▶ _DESCRIPTION OF THE TASK_:
Print the listing below only from the line that has "Wheelchair Sports at ETSA Park" through the line that has "Pineapple Coleus foliage", exactly, and drop any picture.

▶ _DATA FOR REVIEW_:
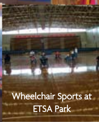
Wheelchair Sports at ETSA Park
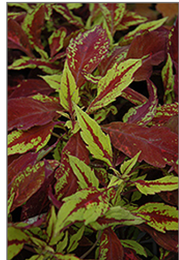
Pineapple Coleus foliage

==

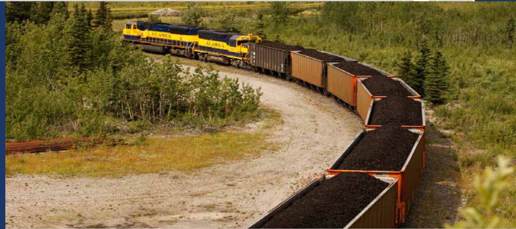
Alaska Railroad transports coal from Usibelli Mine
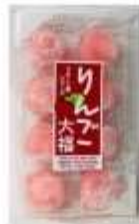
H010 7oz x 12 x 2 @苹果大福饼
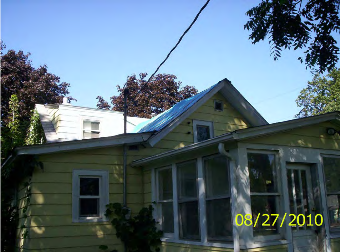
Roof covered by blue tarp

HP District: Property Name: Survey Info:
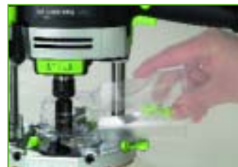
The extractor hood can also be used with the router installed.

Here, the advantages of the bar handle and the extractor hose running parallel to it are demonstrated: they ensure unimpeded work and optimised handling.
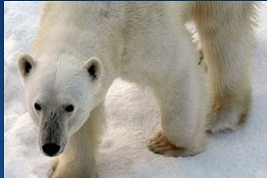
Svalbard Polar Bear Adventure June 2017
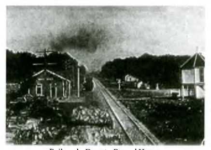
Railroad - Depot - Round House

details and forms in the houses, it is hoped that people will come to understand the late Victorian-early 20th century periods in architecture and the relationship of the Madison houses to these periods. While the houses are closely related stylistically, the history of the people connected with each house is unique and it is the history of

▶ _THE COMPLETED TASK_:
Wheelchair Sports at ETSA Park
Pineapple Coleus foliage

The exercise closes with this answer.